Question

Find the inclination of the line passing through points

A (-1 ,-√2) and B (√3 ,3)​

Answer 1

Answer:

value of inclination is 58°

Step-by-step explanation:

the explanation is given above

Answer 2

Given:

Two points A (-1, -√2) and B (√3, 3)​.

To Find:

The inclination of the line that is passing through the points A (-1, -√2) and B (√3, 3)​.

Solution:

The inclination of any line is also called the slope of the line.
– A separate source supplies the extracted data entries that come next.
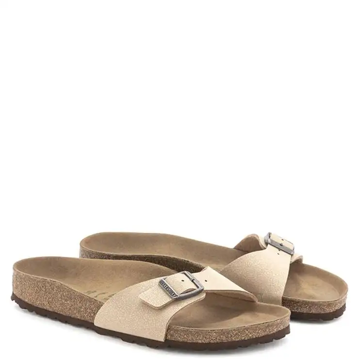 Sandalia elaborada en Birko-Flor Nubuck. Detalle correa con una hebilla de espiga metálica con ajuste individual. Base de corcho y látex de forma anatómica. Suela de goma EVA. Suela interna de microfibra.
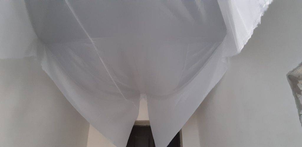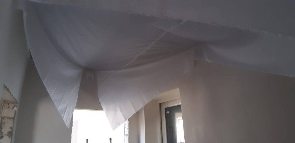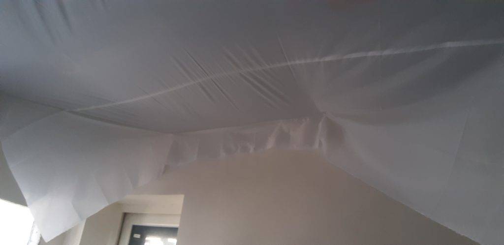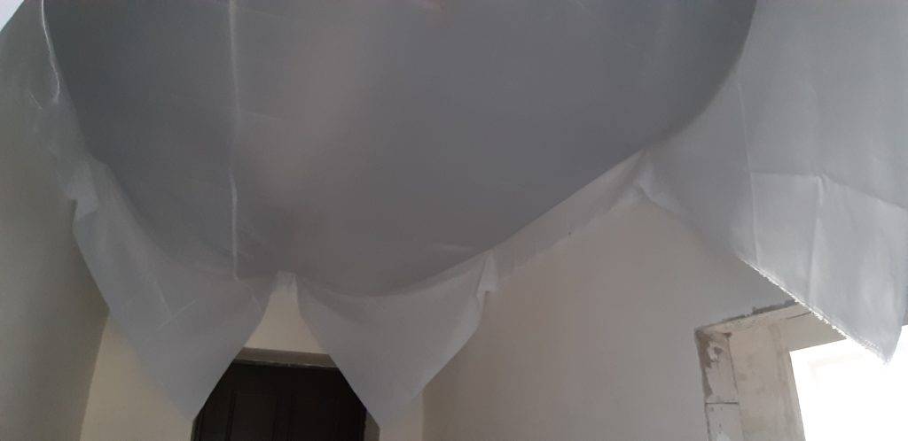 Влажная уборка не проводится на тканевых натяжных потолках. Вода может оставить на поверхности пятна и разводы, устранить которые можно будет лишь путём окрашивания.
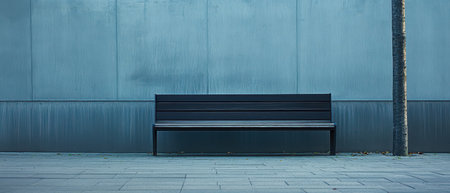 A solitary black bench sits on a pavement beside a blue wall creating a tranquil and minimalistic atmosphere perfect for reflection.
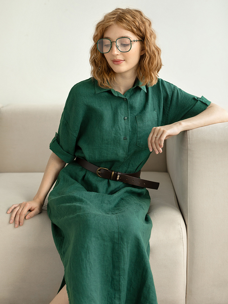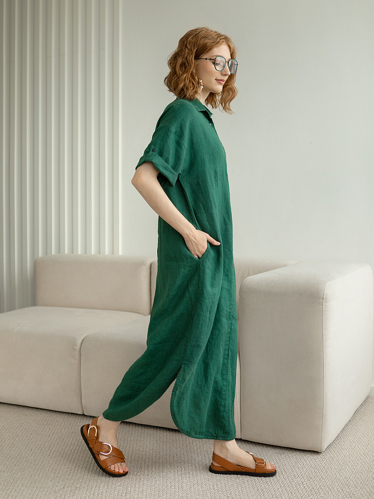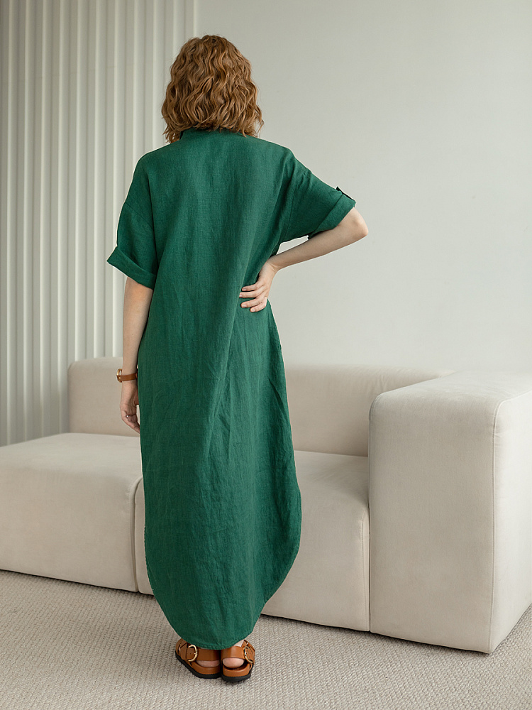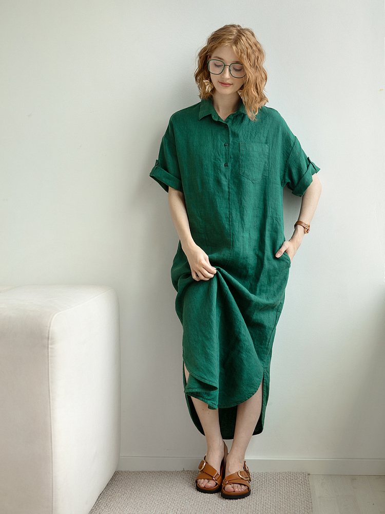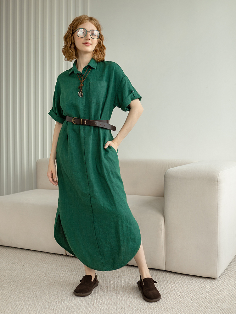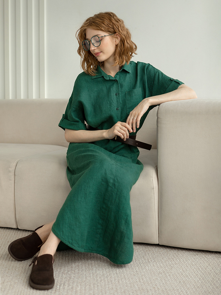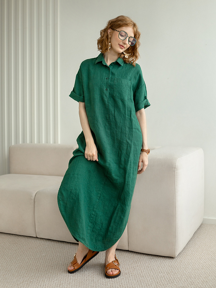 Минимализм – это синоним сдержанности. Представленная модель платья на своём примере способна раздвинуть границы привычного представления о подобных вещах. Сдержанный декор и лаконичные формы прекрасно впишутся в любые жизненные обстоятельства, будь то работа или отдых. Подобная стилистика деликатно подчеркнёт любой характер и настроение своей обладательницы. Прямые формы хорошо скроют проблемные участки фигуры, не стесняя движений, даря комфорт и практичность. Неоспоримый плюс представленного платья — это материал, из которого оно изготовлено. Натуральный лён хорошо вентилируется, поэтому ваша кожа будет дышать даже в самые жаркие дни. Прямой силуэт модели обладает длиной макси, что придаёт женской фигуре стати и респектабельности. Скруглённый нижний срез акцентирует внимание на обуви, поэтому рекомендуем внимательно отнестись к её подбору. Стояче-отложной воротник рубашечного типа плавно переходит в планку на пуговицах, выстраивая акцентную декоративную вертикаль. Плавную линию плеча завершает хлястик по низу рукава, который привносит лёгкую небрежность, нарушая правильную геометрию линий.
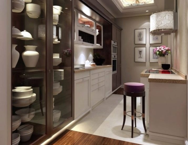 De fato, neste caso, você terá que pegar uma pequena pia e uma placa com dois queimadores. Sim, e a superfície de trabalho terá que se sacrificar. Usar uma bancada estreita é inconveniente - é difícil cortar produtos ou colocar tudo o que você precisa.
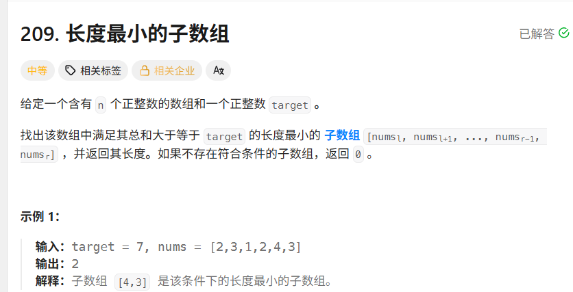 它的目标是:吃够一定的"营养值"(数组元素之和 \\ge target)。
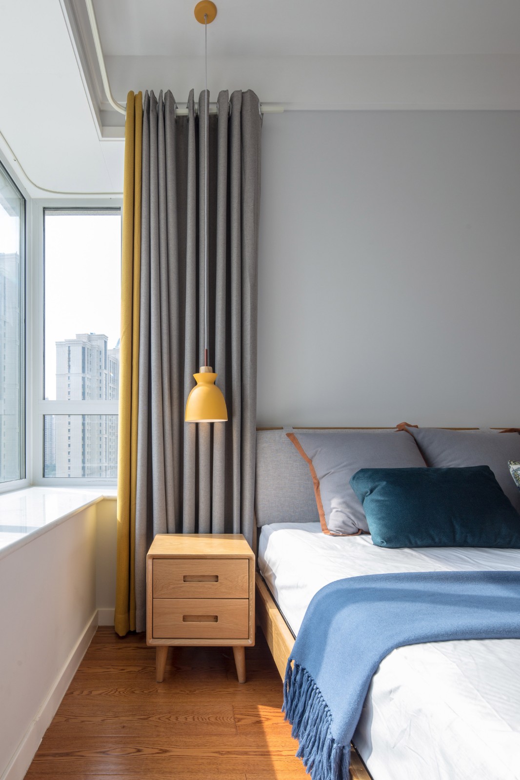 现代与复古并存的感觉,双色窗帘的加入,让卧室也变得浪漫起来。
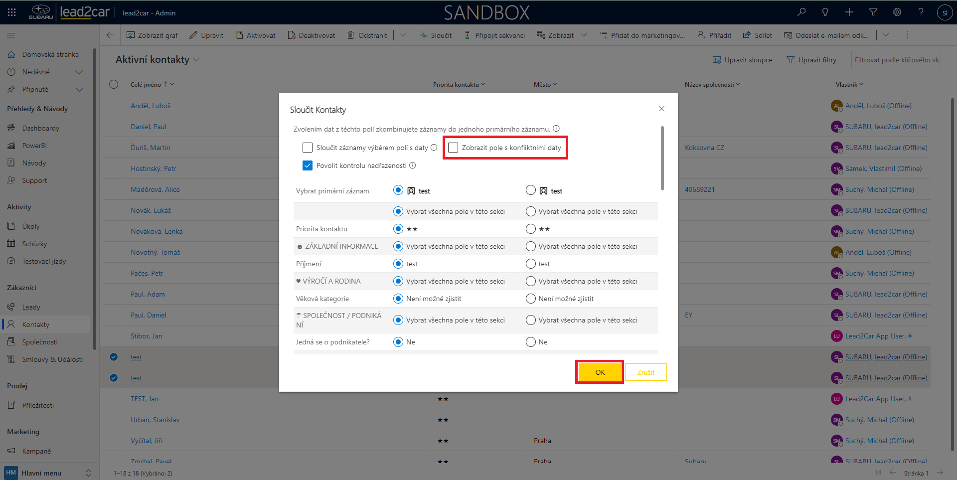 Objeví se karta se sloučením dat. Zde nesmí být zaškrtnuto pole "Zobrazit pole s konfliktními daty". Díky tomu uvidíte všechny informace o obou kontaktech. Dále už je potřeba projít informace a hledat zda se shodují, či jsou rozdílné. Především email a telefon jsou důležité. Pokud mají oba kontakty stejný email, tak se skoro určitě jedná o jeden kontakt a naopak pokud jsou telefony rozdílné tak to není stejný kontakt. Pokud se zjistí, že dané dva kontakty nejsou stejné, tak stačí sloučení prostě zrušit. Na druhou stranu pokud kontakty jsou totožné, tak se musí sloučit. V kolonce primární záznam je vhodné zvolit ten kontakt, který má jako vlastníka člověka. U ostatních řádků je vhodné zvolit ten sloupec, který má více informací. Až je vše označené,tak stačí zmáčknout tlačítko "OK".

The slope of the line is given by,

${\rm slope}=\frac{y_2-y_1}{x_2-x_1}$

The slope of the line is equal to $tan\theta$ or 'm'.

Substitute $-1$ for $x_1$, $-\sqrt{2}$ for $y_1$, $\sqrt{3}$ for $x_2$, and 3 for $y_2$ into the slope formula and simplify.
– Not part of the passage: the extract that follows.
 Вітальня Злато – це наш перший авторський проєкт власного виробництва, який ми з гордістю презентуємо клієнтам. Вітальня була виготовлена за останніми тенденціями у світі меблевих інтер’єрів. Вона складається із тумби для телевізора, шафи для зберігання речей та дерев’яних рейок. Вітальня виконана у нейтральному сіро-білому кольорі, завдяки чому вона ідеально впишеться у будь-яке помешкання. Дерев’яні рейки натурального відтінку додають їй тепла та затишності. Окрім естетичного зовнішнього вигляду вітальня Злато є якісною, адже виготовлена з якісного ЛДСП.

${\rm slope}=\frac{3-(-\sqrt{2}) }{\sqrt{3}-(-1) } \\=\frac{3+\sqrt{2} }{\sqrt{3}+1 }\\=\frac{3+1.414}{1.732+1}\\ =\frac{4.414}{2.732}\\ =1.616$

Equate 1.616 to $tan\theta$ and find $\theta$.

$tan\theta=1.616\\\theta=tan^{-1}(1.616)\\=1.02\, {\rm radian}$

Convert 1.02 radian into degrees by multiplying it by $\frac{180}{\pi}$.

$\theta=1.02\times \frac{180}{\pi}\\ =58.02^{\circ}$

Thus, the inclination of the line passing through the points A (-1, -√2) and B (√3, 3)​ is 58 degrees.